Railroads haven’t just been sitting around waiting for fuel costs to bring customers to them. They have been innovating — making freight cars of lighter materials and speeding the loading and unloading of freight cars with intermodal shipping containers that can be lifted by crane from a ship to a train and from a train to a truck.

They also have been lengthening sidings to handle the longer trains that have become common and adding more double and even triple track to keep trains moving in two directions without time spent parked on passing sidings.

As traffic between Topeka and Kansas City has increased, the Union Pacific has been considering adding a third track. Mark Davis, UP director of corporate relations and media, said the idea is still under consideration, but no decision has been made, yet. A lot of the company’s track-laying effort has gone into second and third tracks in areas of Nebraska.

Forsberg said BNSF is within a year or two of having double track all the way from Chicago to Los Angeles. Only about 50 miles of single track remain on that route.

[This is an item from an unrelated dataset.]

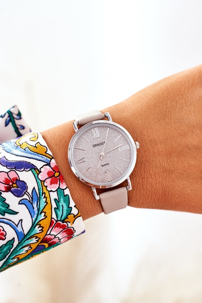 A beautiful ERNEST watch. The watch face is made of stainless steel and the strap is made of ecological leather. The watch is nickel-free.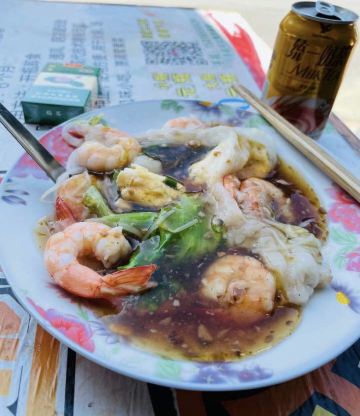 32年老店了 坚守着普宁肠粉的特色 肉末 鸡蛋 鲜虾 生蚝 任君选择 唯独没有汕头肠粉里常见的牛肉 却有汕头肠粉没有的浓郁汤汁 就开在水产市场里 虾蚝新鲜没得说 如果从未试过用勺吃肠粉的 一定要来普宁渔行

Some trains are moving truck trailers even more efficiently by eliminating the flat car altogether. A unit amounting to a set of railroad wheels mounted under a truck trailer has eliminated a lot of weight.

A BNSF document shows that a train can haul nearly 780 tons a mile on one gallon of fuel. That makes a train two to four times more efficient than a truck, Forsberg said.

He said one of the new 10,000-foot-long intermodal trains can carry more than 300 double-stacked shipping containers. That means shipping them from Los Angeles to Chicago can take more than 300 trucks off the highways, reducing congestion and the need for frequent repairs on the roads.

Another way of increasing efficiency is running longer trains. Forsberg said a decade ago a train that was 5,000 to 6,000 feet long — about a mile — was considered a long train. Now trains often are 8,000 to 10,000 feet long — nearly two miles.

Longer trains are difficult to accelerate without coming uncoupled somewhere along their length, so an increasingly common sight is a locomotive or two at the back of the train. The engineer up front has the capacity to control the throttles on the pushing locomotives at the back.

But even with the longer trains, the railroads are having to run more frequent trains, too.

UP’s Davis said Topeka sees 65 trains a day headed east toward Kansas City. Two thirds are coming from the northwest (coal trains from Wyoming, for example) through Marysville. The rest come from the west through Salina and from the southwest through Herrington.

“Sixty-five a day — that’s a heavy route,” Davis said.

Much of the coal is delivered to southern Illinois where it is transferred to barges to carry it to the Tennessee Valley Authority.